The total number of unique visitors to the participating Web sites was 87,249. The number of unique visitors among Web sites varied considerably from 41 to 52,247. Since some of this variation represents differences in the size of the sites' geographic areas and population served, in Table 1 we present the number of visitors per 100,000 Internet-using households. This population-adjusted figure still varied considerably across the participating sites.
Table 1. Unique visits to each Web site per 100,000 households with Internet access in the site's geographic area
|Web Site Number
|Unique visitors per 100,000 households with Internet access
Note: The number of Internet-using households in each geographic area was obtained from the Centers for Disease Control and Prevention.

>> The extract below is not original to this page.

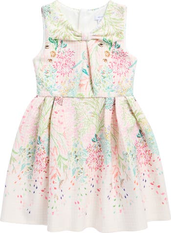 Watch them twist and twirl in this stretchy party dress with a flared skirt that gets extra drama from box pleats.
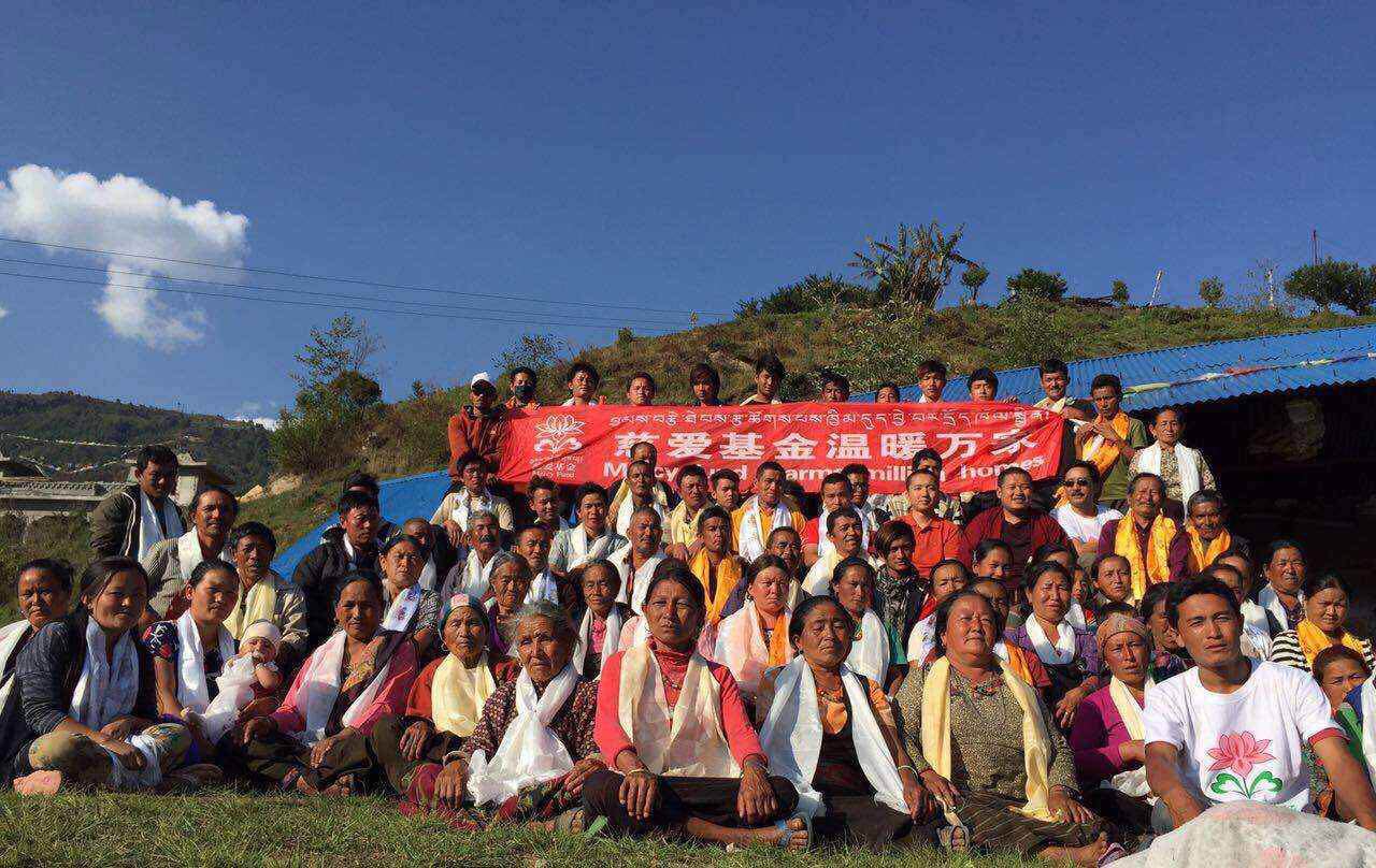 “走了11小時的山路,一路顛到了喜馬拉雅山下的Yolmo地區的一個村莊,這里大部分居住的是藏傳佛教徒,在Yolmo這個區域,統計到昨天,死亡人數超過了2500人,一路上我就沒有看到幾棟還可以居住的房子。遠眺雪山頂,看著如今滿目瘡痍的村莊,護佑村莊的白塔被震倒了,只剩下五彩的經幡在風中孤單的飄揚。因為偏僻,這里還沒有什么物資送進來,我看到最好的臨時避難居所也就是能用篷布遮蓋嚴實的小棚子,大多數的災民居住在四周無遮擋的棚子下,很難想象在夜涼的尼泊爾,缺衣少被的災民如何度過。慈愛基金給災民送來了米、篷布和帳篷,志愿者們當場就支起了兩個慈愛帳篷,就在他們剛剛倒塌的房子前,一位村民迫不及待的在那已成廢墟的家中搬出了一個桌子,它成了慈愛之家的第一件家具。對于今天的尼泊爾災區,面對大量的需要安置的災民,我們能做的還是微乎其微,不過,我們一直在努力,和許多股小愛一起匯集成大愛,幫助災后的尼泊爾人早日重建家園!”——加措活佛

We analyzed sources of traffic in three broad categories: traffic from search engines (e.g., Google, Yahoo, Bing); referrals from another Web site (e.g., a link in an online newspaper article); or direct entries of the Web site URL into the Internet browser bar or clicks on a direct link in an E-mail or word processed document.
To understand the search terms being used by visitors arriving by search, we analyzed the keywords used to find the site and the frequency of use for any given search term. We first reviewed a list of the 50 most commonly used search terms for visitors to each site (800 search terms in total across the 16 sites) to identify categories of searches that occurred frequently. The categories identified were searches for:
- The Web site's name.
- A CVE affiliate's Web site name.
- A hospital name.
- A general search for quality information about hospitals.
- Other searches.
For each Web site, we then analyzed the top 50 search terms for that site and sorted them into these categories.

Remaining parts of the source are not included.